:: TASK INSTRUCTIONS ::
Everything in the listing below must be reproduced exactly, apart from its images.

:: DATA EXTRACT ::
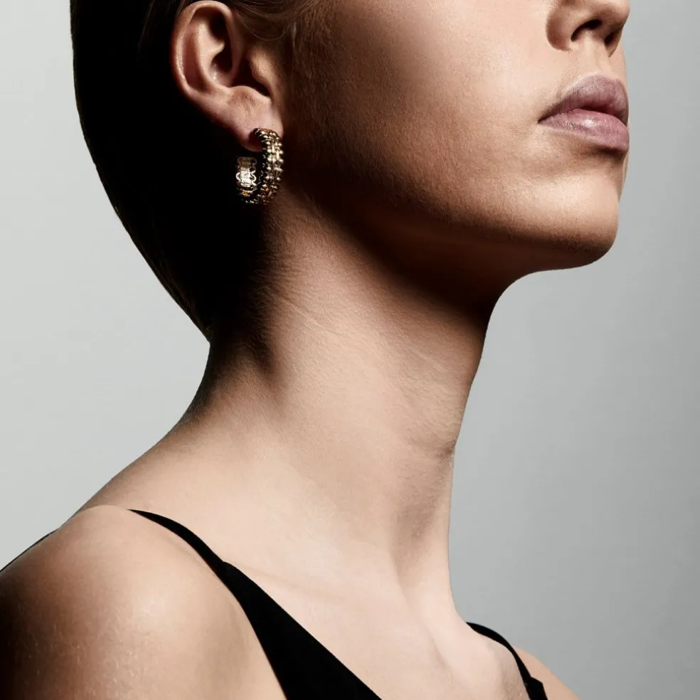 Eleganta guldpläterade örhängen med djärva silhuetter och mjuka former. Utformningen av örhängena kombinerar klassisk smyckesdesign med en modern touch och kompletterar alla moderna kvinnors utseende. Örhängena osar av femin vilja, energi och värme och hyllar alla världens starka kvinnor.
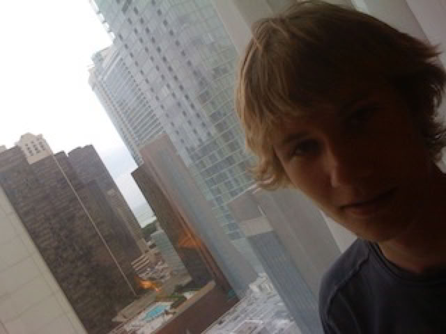 Service de «Valet» pour la voiture ($49 par jour ... mais comme dirait Matthieu, un parking normal, on n’a pas le même service !), personnel pour les bagages, grand lobby, etc ... la Classe ! L’hôtel est très plein (c’est le premier WE de vacances là bas) et on ne peut pas avoir de chambre avec des lits king-size ... mais belle consolation, on a une chambre au dernier et 17e étage (la 17-26) avec une très jolie vue. On voit des buildings, un petit bout du Lac Michigan, la piscine découverte de l’Holiday Inn ... Trés belle salle de bain aussi ... mais argh ... pas d’Internet gratuit.
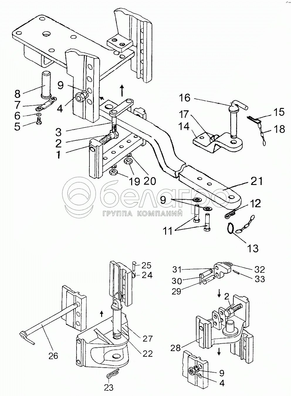Каталог запасных частей к технике: МТЗ 92П. Тягово-сцепное устройство (варианты комплектации)

:: FINISHED EXERCISE ::
 Eleganta guldpläterade örhängen med djärva silhuetter och mjuka former. Utformningen av örhängena kombinerar klassisk smyckesdesign med en modern touch och kompletterar alla moderna kvinnors utseende. Örhängena osar av femin vilja, energi och värme och hyllar alla världens starka kvinnor.
 Service de «Valet» pour la voiture ($49 par jour ... mais comme dirait Matthieu, un parking normal, on n’a pas le même service !), personnel pour les bagages, grand lobby, etc ... la Classe ! L’hôtel est très plein (c’est le premier WE de vacances là bas) et on ne peut pas avoir de chambre avec des lits king-size ... mais belle consolation, on a une chambre au dernier et 17e étage (la 17-26) avec une très jolie vue. On voit des buildings, un petit bout du Lac Michigan, la piscine découverte de l’Holiday Inn ... Trés belle salle de bain aussi ... mais argh ... pas d’Internet gratuit.
Каталог запасных частей к технике: МТЗ 92П. Тягово-сцепное устройство (варианты комплектации)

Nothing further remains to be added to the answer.